- Exercise description
When you copy from the entries that follow, take only the lines from the one with "-. Title : Sterling" down to the one with "Swirling with velvety", keeping both ends and dropping every picture.

- Data in this exercise
☆ ☆ ☆ ☆ ☆ ☆ ☆

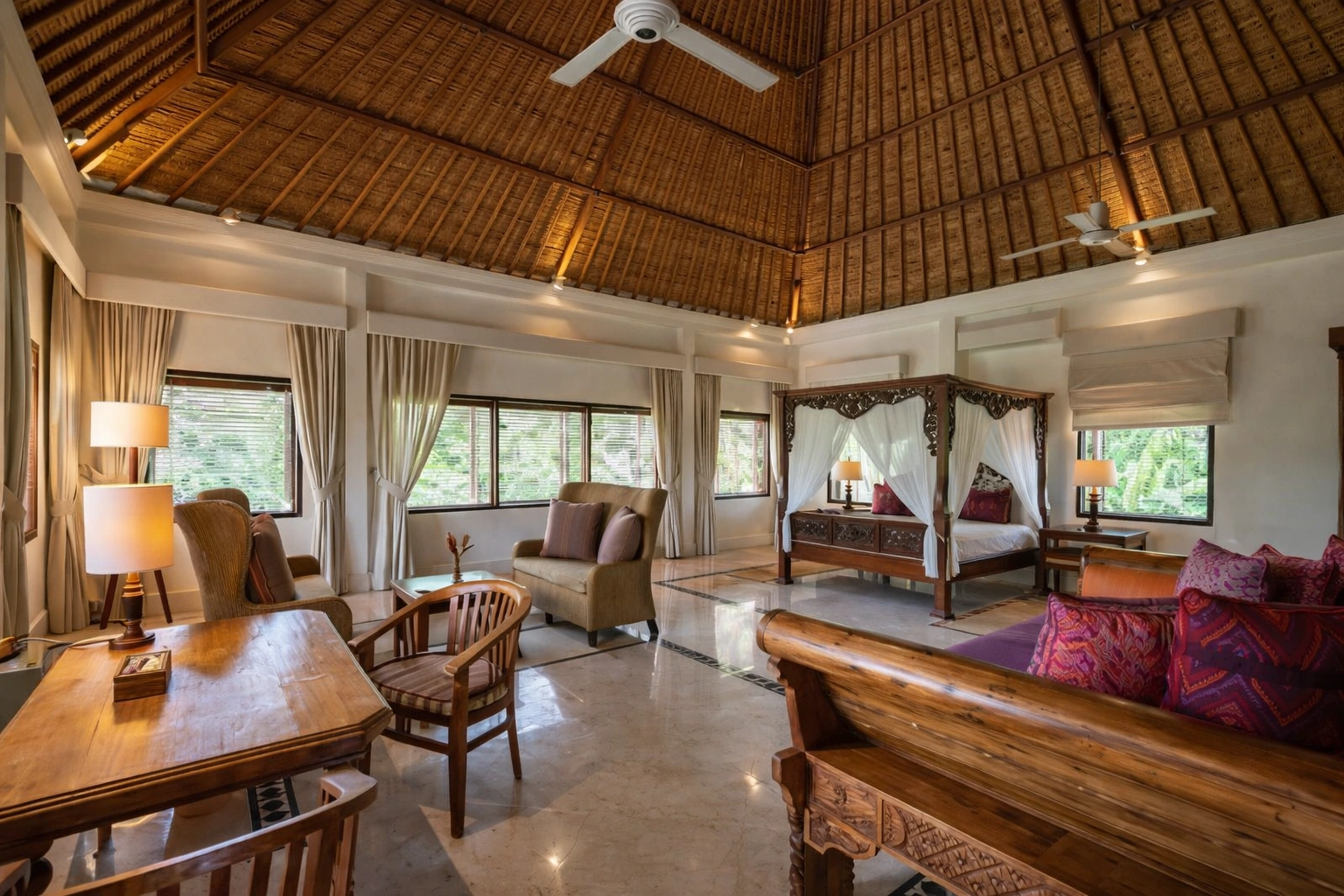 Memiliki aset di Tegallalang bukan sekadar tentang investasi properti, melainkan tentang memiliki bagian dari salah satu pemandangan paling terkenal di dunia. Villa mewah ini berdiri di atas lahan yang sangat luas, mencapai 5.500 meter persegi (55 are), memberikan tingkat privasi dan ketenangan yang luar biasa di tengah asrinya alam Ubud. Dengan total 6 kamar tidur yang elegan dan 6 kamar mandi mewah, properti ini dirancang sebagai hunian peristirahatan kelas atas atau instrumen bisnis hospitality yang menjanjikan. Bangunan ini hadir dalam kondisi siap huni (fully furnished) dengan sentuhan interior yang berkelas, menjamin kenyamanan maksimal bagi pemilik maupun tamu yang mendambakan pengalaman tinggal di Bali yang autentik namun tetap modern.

☆ ☆ ☆ ☆ ☆ ☆ ☆

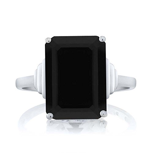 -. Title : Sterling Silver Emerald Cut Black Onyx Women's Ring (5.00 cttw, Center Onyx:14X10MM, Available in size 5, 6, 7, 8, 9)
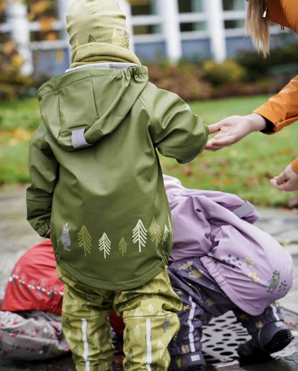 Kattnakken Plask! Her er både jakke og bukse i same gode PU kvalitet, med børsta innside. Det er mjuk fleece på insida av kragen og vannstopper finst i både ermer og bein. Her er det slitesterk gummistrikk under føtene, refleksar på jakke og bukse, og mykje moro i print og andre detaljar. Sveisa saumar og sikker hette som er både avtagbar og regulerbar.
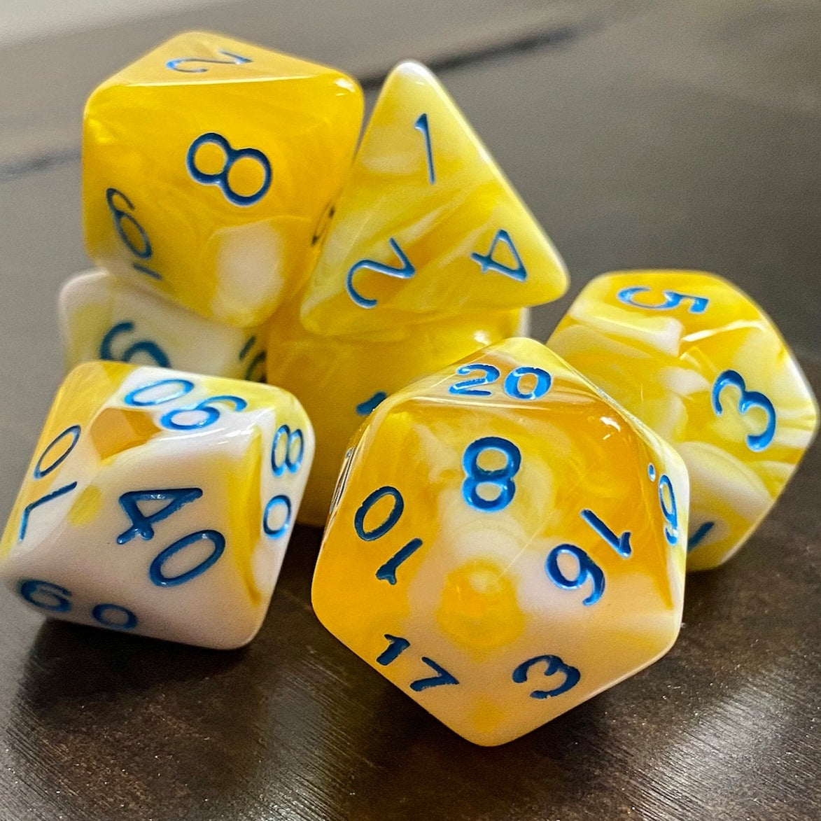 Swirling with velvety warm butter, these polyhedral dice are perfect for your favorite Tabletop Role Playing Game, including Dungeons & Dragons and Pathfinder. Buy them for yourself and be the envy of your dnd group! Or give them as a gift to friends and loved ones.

☆ ☆ ☆ ☆ ☆ ☆ ☆

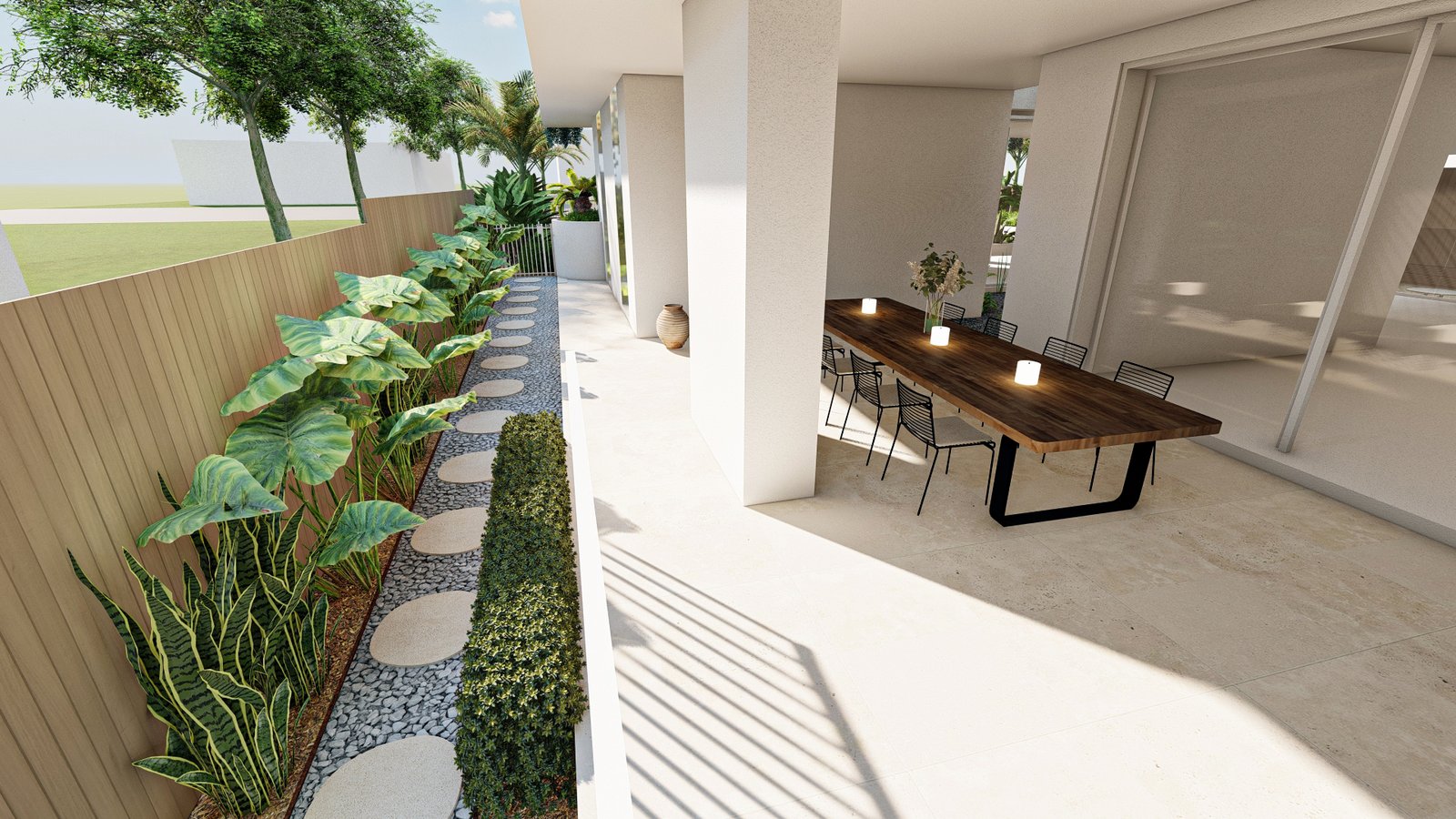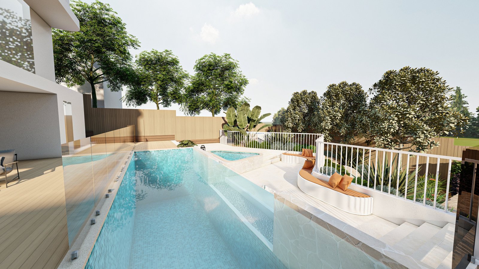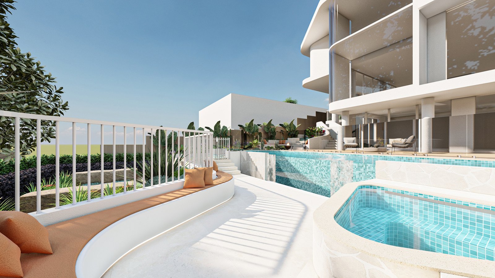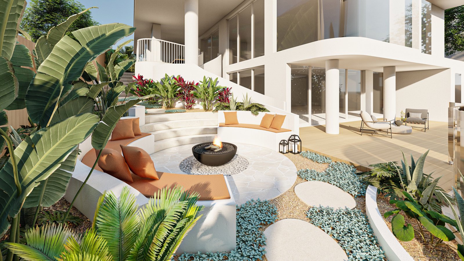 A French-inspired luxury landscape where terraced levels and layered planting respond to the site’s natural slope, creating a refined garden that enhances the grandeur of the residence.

☆ ☆ ☆ ☆ ☆ ☆ ☆

- Completed exercise
 -. Title : Sterling Silver Emerald Cut Black Onyx Women's Ring (5.00 cttw, Center Onyx:14X10MM, Available in size 5, 6, 7, 8, 9)
 Kattnakken Plask! Her er både jakke og bukse i same gode PU kvalitet, med børsta innside. Det er mjuk fleece på insida av kragen og vannstopper finst i både ermer og bein. Her er det slitesterk gummistrikk under føtene, refleksar på jakke og bukse, og mykje moro i print og andre detaljar. Sveisa saumar og sikker hette som er både avtagbar og regulerbar.
 Swirling with velvety warm butter, these polyhedral dice are perfect for your favorite Tabletop Role Playing Game, including Dungeons & Dragons and Pathfinder. Buy them for yourself and be the envy of your dnd group! Or give them as a gift to friends and loved ones.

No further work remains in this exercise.